Political alliances seem to be interfering with the rights of American citizens. There has been recent evidence that political considerations receive priority over human rights of Americans abroad. One such example of this shocking practice can be seen in Saudi Arabia. This Middle Eastern country is a close and staunch ally, a fact proven by Obama’s personal visit to the King Abdullah’s horse ranch earlier this month in order to obtain his advice prior to his famous Cairo speech. Such a close relationship between the two countries seems to have led the United States to overlook its own citizens.
In Saudi Arabia, two Americans are being held in a prison, and there has been no attention paid to their plight, by the Western media nor have statements been made from the Obama administration. Two brothers, Ammar and Nouh AbdulJabar, have been in prison since March 19, after participating in a silent vigil that supported religious freedom in a country that lacks most freedoms. The two men, aged 27 and 29 are sentenced to spend six years in a Saudi prison and they will most likely be flogged in addition to their imprisonment. There has been no evidence that the United States has done anything to help their case or even to acknowledge its existence.

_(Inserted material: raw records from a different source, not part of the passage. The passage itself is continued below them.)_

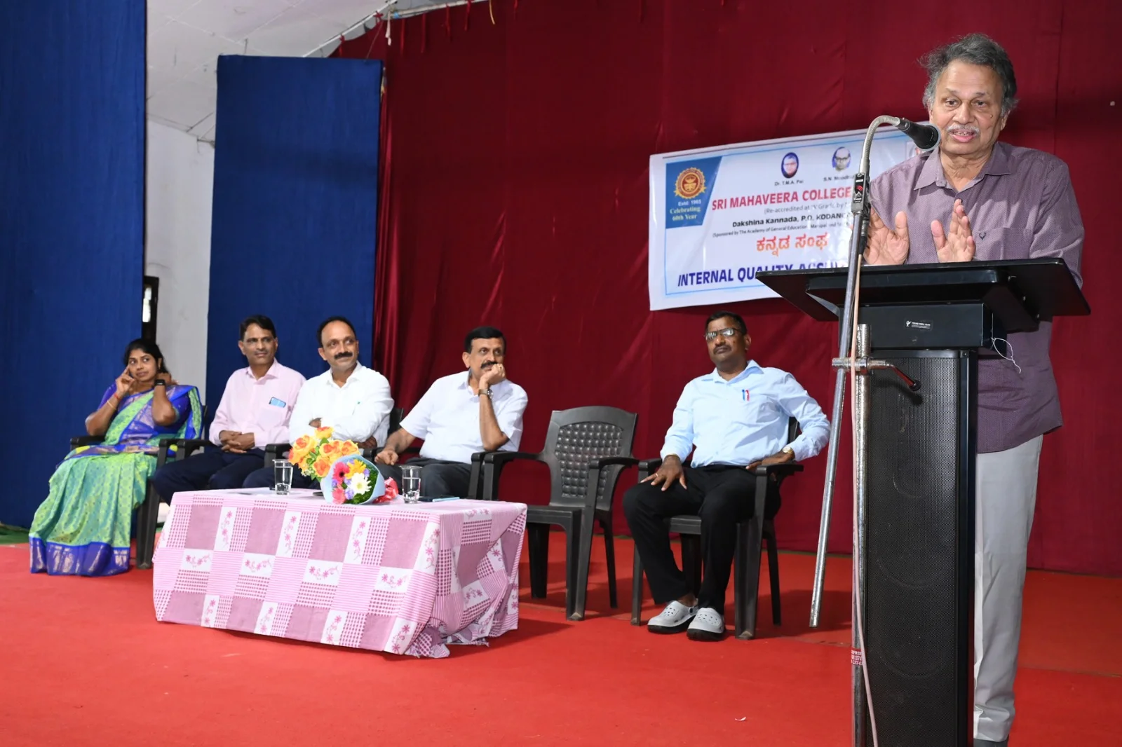 ಶ್ರೀ ಮಹಾವೀರ ಕಾಲೇಜು, ಮೂಡುಬಿದಿರೆ ಇಲ್ಲಿನ ಕನ್ನಡ ವಿಭಾಗದ ಕನ್ನಡ ಸಂಘ ಮತ್ತುಆಂತರಿಕ ಗುಣಮಟ್ಟ ಖಾತರಿ ಕೋಶಗಳ ಸಹಯೋಗದೊಂದಿಗೆ ದಿನಾಂಕ 13-8-2025 ರಂದು ವಿಶೇಷ ಉಪನ್ಯಾಸಕಾರ್ಯಕ್ರಮವನ್ನು ಹಮ್ಮಿಕೊಳ್ಳಲಾಗಿತ್ತು. ಸಂಪನ್ಮೂಲ ವ್ಯಕ್ತಿಯಾಗಿ ಬಂಡಾಯ ಸಾಹಿತಿ, ನಾಡೋಜಡಾ.ಬರಗೂರುರಾಮಚಂದ್ರಪ್ಪ ಭಾಗವಸಿದ್ದರು. ವಿದ್ಯಾರ್ಥಿಗಳನ್ನು ಉದ್ದೇಶಿಸಿ ಮಾತನಾಡುತ್ತಾ“ಇಂದು ಶಿಕ್ಷಣ ಮತ್ತುಉದ್ಯಮಕ್ಕೆ ಸಮಾನ ಸಂಬAಧಕಲ್ಪಿಸಲಾಗುತ್ತಿದೆಆದ್ದರಿAದ ಮೂಲ ವಿಜ್ಞಾನ, ಮಾನವಿಕ ವಿಚಾರಗಳನ್ನು ಅಧ್ಯಯನ ಮಾಡುವವರ ಸಂಖ್ಯೆ ಇಳಿಮುಖವಾಗುತ್ತಿದೆ. ಶಿಕ್ಷಣದ ಬದುಕನ್ನು ಲಾಭ ನಷ್ಟಗಳ ನೆಲೆಯಲ್ಲಿ ನೋಡುವುದಲ್ಲಅದು ವ್ಯಕ್ತಿಯೊಳಗಿನ ಮಾನವೀಯತೆ ಮತ್ತು ಮೌಲ್ಯಗಳು ಕಡಿಮೆಯಾಗದಂತೆತಡೆಯುವುದೇಅದರಉದ್ದೇಶವಾಗಿವಾಗಿದ್ದು ವಿದ್ಯೆ ಪಡೆಯುವ ವ್ಯಕ್ತಿಯೊಳಗಿನ ಮೃಗತ್ವವನ್ನುಕೊಂದುಅವನನ್ನು ಮನುಷ್ಯನನ್ನಾಗಿಸಲಿ”ಎಂದರು.ಮಾತನ್ನು ಮುಂದುವರೆಸುತ್ತಾ, ಎತ್ತಿನಗಾಡಿಯಚಕ್ರವನ್ನುಕಂಡು ಹಿಡಿದ ದಿನವೇ ತಂತ್ರಜ್ಞಾನರೂಢಿಗೆ ಬಂತು.ಆದರೆಅದೇತAತ್ರಜ್ಞಾನದ ಬಳಕೆ ಅತಿಯಾದರೆಅದು ಮನುಷ್ಯನ ಮನಸ್ಸಿನ ವಿರೋಧಿಯಾಗುತ್ತದೆ.ತಂತ್ರಜ್ಞಾನದ ಭರಾಟೆಯಲ್ಲಿತತ್ವಜ್ಞಾನ, ವಿಜ್ಞಾನಗಳು ಮರೆಯಾಗಿವೆ. ಕಲಾ, ವಿಜ್ಞಾನ, ವಾಣಿಜ್ಯ ಕ್ಷೇತ್ರಗಳಿಗೆ ಸೇರಿದ ಸರ್ವರ ಸಮತೋಲನ ಇದ್ದಲ್ಲಿ ಸಾಮಾಜಿಕ ವ್ಯವಸ್ಥೆಚೆನ್ನಾಗಿರುತ್ತದೆಎಂದರು. ತಮ್ಮ ಸಾಹಿತ್ಯರಚನೆಗೆ ಸ್ಪೂರ್ತಿ ನೀಡಿದ ಗುರುಗಳನ್ನು ನೆನೆದರು.ಪ್ರಕೃತಿಯಲ್ಲಿ ಶ್ರೀಗಂಧವೂ ಮುಖ್ಯವೇಜಾಲಿಯ ಮರವೂ ಮುಖ್ಯವೇ.ಪ್ರಕೃತಿಯಲ್ಲಿಇಲ್ಲದಅಸಮಾನತೆ ಮನುಷ್ಯ ಪ್ರಪಂಚದಲ್ಲಿದೆಇದನ್ನು ಹೋಗಲಾಡಿಸಬೇಕುಎಂದು ತಿಳಿ ಹೇಳಿದರು.
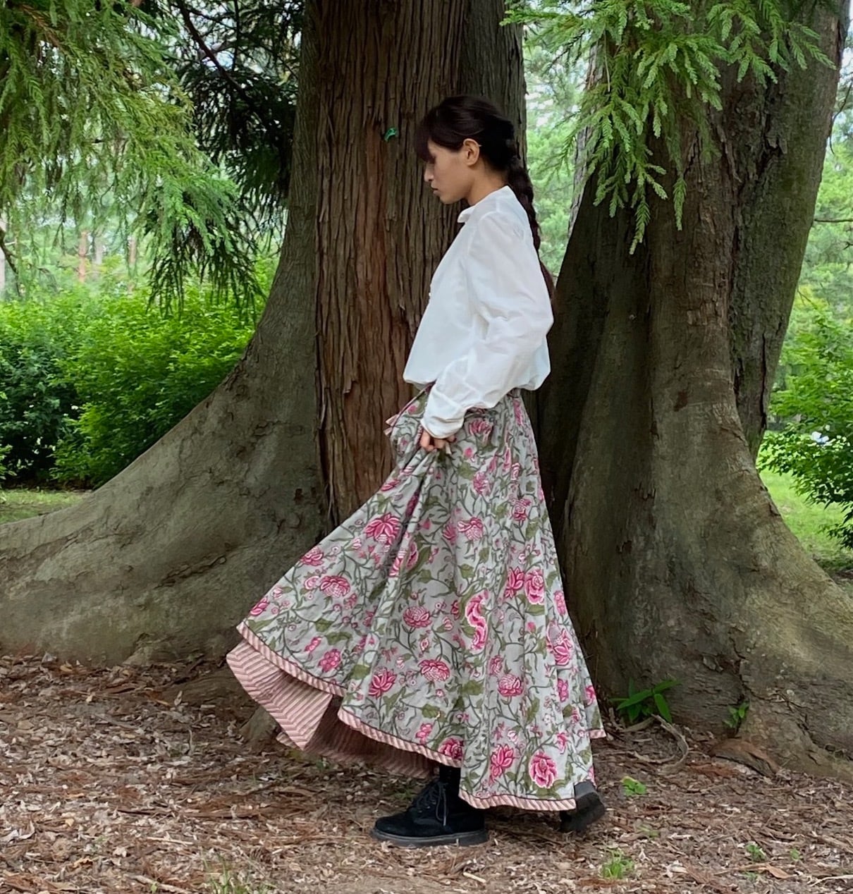 ブロックプリント生地を50枚はぎ合わせたドラマチックなフルサークルスカートです。
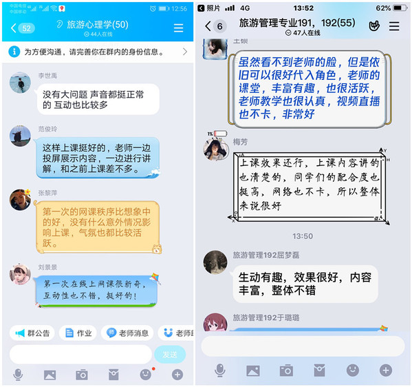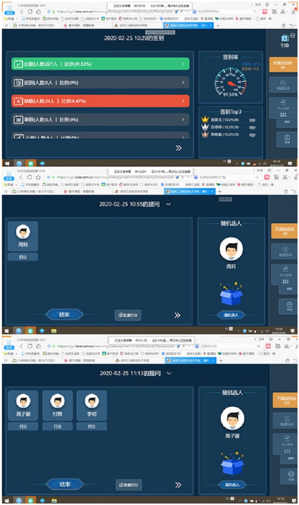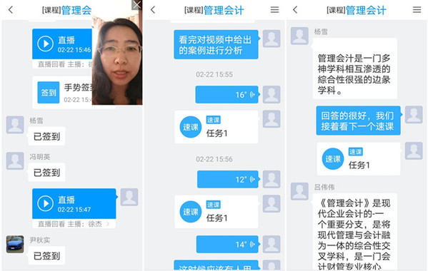 在线上课首日,工商管理学院开设48班次,有1812名学生参与了线上学习。教师们利用智慧职教、超星泛雅、中国大学mooc、爱课程、钉钉、QQ、微信等多种在线课程平台或软件,融合直播、录播、主题讨论、学生语音及视频表达等多种方式进行教学。网络教学总体运行平稳,秩序良好。

Contrasting sharply are the recent cases of Americans held in North Korea and Iran, both countries that have no diplomatic ties with the United States. The world has become familiar over the past couple of weeks with the story of the two American journalists sentenced to twelve years in a labor camp for illegally crossing the North Korean border. The White House Deputy Press Secretary said, “Obama is deeply concerned about the reported sentencing of the two American citizen journalists by North Korean authorities.” A spokesperson from the State Department also voiced their concern and stated that, “we are engaged through all possible channels to secure their release.” An equally prominent case was that of Roxana Saberi, another American journalist who made headlines after her conviction of spying and was later released from an Iranian prison in May after intervention from the U.S. government and pleas from around the world.
In addition, by looking at the cases there seems to be evidence that they are tied in with the current foreign policy philosophy of progressive realism that has become a trademark of the new president. Looking out for the interests of America and having it, as a main goal is commendable. It is most likely true that if the US demands the release of American prisoners from Saudi Arabia it could harm the close relationship between the two countries. However, is it really a good policy to consider those friendly ties before protecting her own citizens?
The Obama administration has come out with their support of the Iranian people’s right to protests and have their voices heard, the US must now make advances to secure the rights of her own citizens. The voice of Americans, including those in Saudi prisons, ought to be heard by President Obama and our elected officials.
Amanda Gramley is a researcher at the Institute for Gulf Affairs, a Washington DC think tank.